Machine Learning-based Multiple Object Recognition and Classification
Project Sponsor: Department of Defence
Project ID: RG192198
Project Leaders: Prof E. Chang, Dr. F. Gottwalt, Mr. M. Zipperle, Dr. Y. Zhang
The process from unstructured data to structured data involves the discipline of multiple machine learning approaches such as deep learning or linear regression. Our research group is in a unique position in conducting highly-efficient machine learning research for industry practice through access of large real-world data sets.
A Blockchain-based Compromise Tolerant Private Key Management for Consensus Nodes in Enterprise Data Security
Project Sponsor: CRC-Cyber Security
Project ID: RG204331
Project Leaders: Mr. M Becherer, T Bui-Nguyen, Dr. K Joiner, Prof E. Chang
The project seeks to provide enterprise data security, such as financial institution or military operations, by developing a Private Blockchain. The key challenge for private blockchains is the compromise of the trusted Public Key Infrastructure (PKI). While the invention of PKI has solved several security issues in inter- and intra-organisational communication, the security method used to manage those keys is still reliant on centralised management. Such an architecture introduces a number of risks including a) trust reliance on a few system administrators creating an insider threat, b) potential compromise of transactions, identities and organisation reputations, c) single-point-of-failure, and d) defeat of the distributed trust introduced by the invention of public blockchains. To mitigate these risks, this research proposes a compromise-tolerant key management approach that combines decentralised blockchain-based key management with the enforcement of multi-signature. Powered by smart contracts, processing transparency along the certificate lifecycle is enabled among all network participants to establish trust and to mitigate insider and outsider threats.

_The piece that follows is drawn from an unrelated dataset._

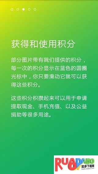 4、使用手机过程中有可能获得积分,积分可用于公益捐助、手机充值或提取现金;开启仅在 WiFi 环境更新选项,不占用流量。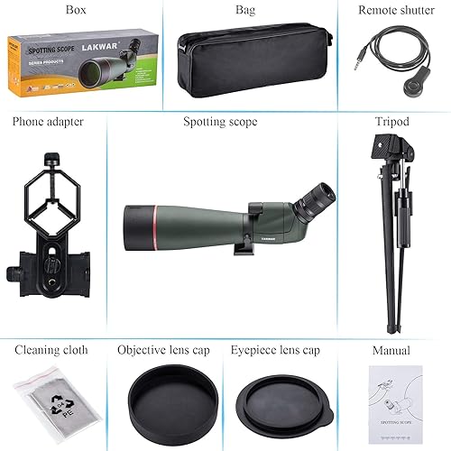 LAKWAR Cannocchiale per Cellulare, 20-60x80AE, Professionale Rivestito FMC, con Supporto Cellulare + Cavo Controllo Otturatore, Adatto per Osservazione Uccelli, Tiro Sportivo e Campeggio

Intelligent CRM through Conjoint Data Mining of Heterogeneous Sources
Project Sponsor: ARC LP projects and Industry funds 2014-2021
Project ID: RG142563; RG152641; RG152642
Project Leaders: Prof E. Chang, Prof TS Dillon, Prof W. Rahayu, A.Prof O Hussain, Dr. R. Soley, Dr Morteza Saberi
This project provides real-time data quality, accuracy, and transparency methods and techniques for government and private sectors. It integrates data, information and knowledge from heterogeneous business information resources aimed at providing competitive world class customer service and retention. It develops techniques for improving customer relationship management (CRM) for public and private organizations. It manages multiple information resources for information sharing, synthesizes knowledge through visualization and business intelligence. The project produced standardized XML profiles for the different data sets and business processes, novel techniques for conjoint mining of structured and semi-structured data and adaptive business intelligence techniques and the results is validated using large real-world data sets provided by the partner organization.
Green Logistics through Cyber Physical Systems
Project ID: RG152660; RG162763, RG162764
Project Leaders: Prof E. Chang, Prof TS Dillon, A. Prof O Hussain, Dr Atafe Zekeri
This project focus on increasing the industry’s future productivity by looking at alternative sources of fuel that produce economies of operation. Statistics show that an increase in logistics productivity of 1% will increase Australia’s GDP by $2 billion. This project aimed at creating values to industry & the Commonwealth by providing vital data on sustainability issues. Transportation systems account for 18% of Australia’s carbon emissions and diesel-powered logistics vehicles are a major contributor. We develop techniques in this evidence-based project by utilizing actual field data collected in situ. to convince logistics companies of the benefits of shifting to green logistics.
A Knowledge Translation Portal for Australian Veterans Wall of Remembrance
Project Leaders: Mr. Tamara Green, Dr. Keith Joiner, A/Prof O. Hussain, Prof M. Whitty
This project will develop Australian Veterans Wall of Remembrance Knowledge Translation Portal for suicide prevention of the veteran community, aimed to establish greater due-diligence, shared-responsibility, and joint-accountability to suicide prevention. It does that by obtaining the voices and opinions from non-government, not-for-profit organisations, and self-organised veteran social communities such as, Soldier On Australia, Contact Magazine, Veterans for Peace, and self-organised veteran Remembrance Facebook groups. These groups include current and former serving members, veterans and veterans’ families (including spouse, children and parents).
Example of the voices and opinions include debate on the government’s definition of “veteran suicide” versus how it is defined by the veteran community; the voices and opinions regard government published suicide data and data from the veteran communities; and the voices and opinions regard what the government’s suicide prevention programs “should be”, to the solution “could be” from veteran communities.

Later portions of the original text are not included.